Prionurus biafraensis, the Biafra doctorfish, is a species of marine ray-finned fish belonging to the family Acanthuridae, the surgeonfishes, unicornfishes and tangs. This fish is found in the eastern Atlantic Ocean.

==Taxonomy==
Prionurus biafraensis was first formally described as Xesurus biafraensis in 1962 by the French zoologists Jacques Blache and Martial Rossignol with its type locality given as Pointe de Prayao, on São Tomé Island in the Gulf of Guinea. The genus Prionurus is the only genus in the tribe Prionurini which is one of three tribes in the subfamily Acanthurinae which is one of two subfamiles in the family Acanthuridae.

==Etymology==
Prionurus biafrensis has a specific name, biafrensis which means "of Biafra", a reference to the type locality being in the Bight of Biafra in the Gulf of Guinea.

==Description==
Prionurus biafrensis has a deep, oblong and compressed body with its deepest part fitting into its standard length 1.8 times. The snout is distinct as there is a clear indent of the dorsal profile between the maxilla and the upper edge of the orbit. The dorsal profile of the head then climbs steeply to the origin of the dorsal fin before curving regularly downwards to the caudal peduncle. The ventral profile is less strongly curved.
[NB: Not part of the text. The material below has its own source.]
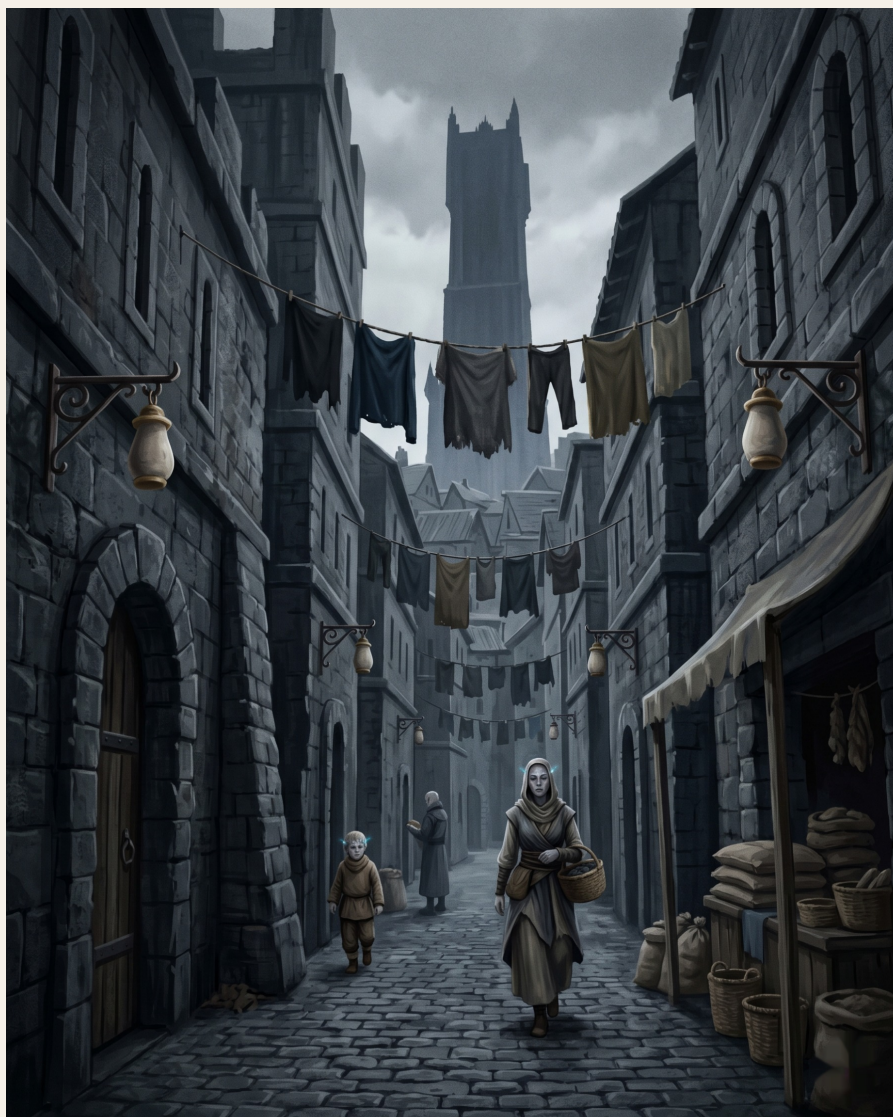
El Quinto Anillo al atardecer.

The dorsal fin is supported by 8 spines and 25 soft rays, with a clear notch between the spiny and soft rayed parts, and the anal fin contains 3 spines 24 soft rays The head is marked with 2 pale bars and there are 3 spines in the grooves on either side of the caudal peduncle. The maximum published total length of the Biafran doctorfish is 20 cm, although 15 cm is more common.

==Distribution and habitat==
Prionurus biafraensis is found in the Gulf of Guinea around the island of Sao Tomé and along the African coast from Cap Lopez in Gabon to Pointe Noire in the Republic of Congo. It occurs at depths between 5 and 25 m close to rocky shorelines where it is typically encountered in small groups.